= Eugene Iverd =

American illustrator and painter

George Ericson (1893–1936), who worked under the name Eugene Iverd, was an American illustrator, teacher, and painter.

== Early life ==

Iverd was born January 13, 1893, in St. Paul, Minnesota, and he graduated from high school in Waseca, Minnesota. He received degrees from the Saint Paul School of Art and The Pennsylvania Academy of Fine Arts in Philadelphia.

== Career ==

Iverd came to Erie, Pennsylvania, in September 1921 directly from the U.S. Army. In the army, he was an instructor at the Walter Reed Hospital in Washington, D.C., where he was located between August 1919 and July 1921. In the summer of 1921 he was hired as an art instructor at the Erie school district assigned to Academy High School. He is remembered fondly as an art instructor among his many successful students: Joseph Plavcan, Wilbur Adams, Robert Joy, Andrew H. Hintenach, Lester Roesner, and Harry Simpson. When he was at Academy High, he sent many Erie students to the Academy of Fine Arts at Philadelphia. At one time, there were six of his students out of one hundred there.

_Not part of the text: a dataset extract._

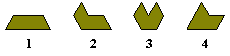 Of the four pentiamonds (above) 1 is itself a trapezium and can form parallelograms and hexagons; 2 we have shown above forms hexagons only (of any side 5n); 3 cannot form any regular shape and 4 can form a hexagon of side 5 but can form neither a parallelogram nor a triangle as shown below.

He gave his time to the art classes until 1930, when his commercial work became too heavy. In his career he designed a series of four calendars and completed work for the Erie Lithograph Co., and for the U.S. Lithograph Co. in Brooklyn. Iverd was nationally known for covers he painted for the Saturday Evening Post, McCall's, Ladies Home Journal, and The American Magazine. He also made several paintings for the Dorrance Co. (owners of Campbell's Soup), Successful Farming, Christian Herald, The Rotarian, Monarch Foods, Winchester Western Company, Pure Oil Cooperation, Iodent Toothpaste and the Buffalo Evening News.

== Legacy ==

He used Erie children as models for his work. Ericson remained in Erie and did not move to a Metropolitan area because he was assured of securing child models that had the "glow of sunshine in them".

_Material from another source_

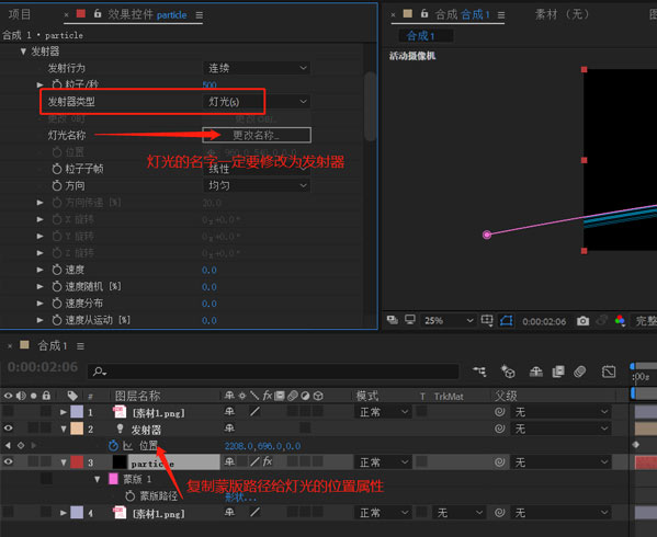 2-02 添加particular效果,创建点光,并且修改点光的名字为发射器,然后复制纯色层蒙版1上的路径,拷贝给点光的位置属性,修改发射器参数,类型为灯光

As an illustrator, he shared an important accomplishment alongside artists as Grant Wood, Frederic Remington, Norman Wyeth, Andrew Wyeth, and Norman Rockwell. They all had in common that they sold paintings to the Curtis Publishing Company that were used for covers on the Saturday Evening Post. He produced 29 covers for the Saturday Evening Post between 1926 and his death in 1936.

Many Erie children who posed for Ericson appeared on the cover of magazines, calendars, and advertisements. He had a niche for capturing the joys and wholesomeness of boyhood, and children were the subjects of many of his paintings.

In 1930, George and Lillian Ericson purchased a plot in the Glenwood neighborhood of Erie, where he personally designed and had built a large house with five bedrooms, two and a half bathrooms, two fireplaces, three chimneys, and many interesting features. The oak beams in the living room ceiling were imported from Canada, and the walls were plastered in the French style, which Ericson personally demonstrated to the craftsmen building his house. The wooden doors inside the house are interesting and unusually shaped: no two are identical. One year after Ericson's sudden death in 1936, Mrs. Lillian Ericson sold the house to Richard and Katherine Yates, and it has since changed hands six more times. In 2002, it underwent a major renovation and refurbishing, and much of the original look was restored. Two of the Iverd paintings are still hanging in the house today, including "Fall" above the living room fireplace and one of his "Saturday Evening Post" covers above the studio fireplace in the room he used for paintings.

In Erie there is a mural by Ericson in the Zem Zem Children's Hospital, and a large collection of his work is at the Erie School Board at the Erie History Center.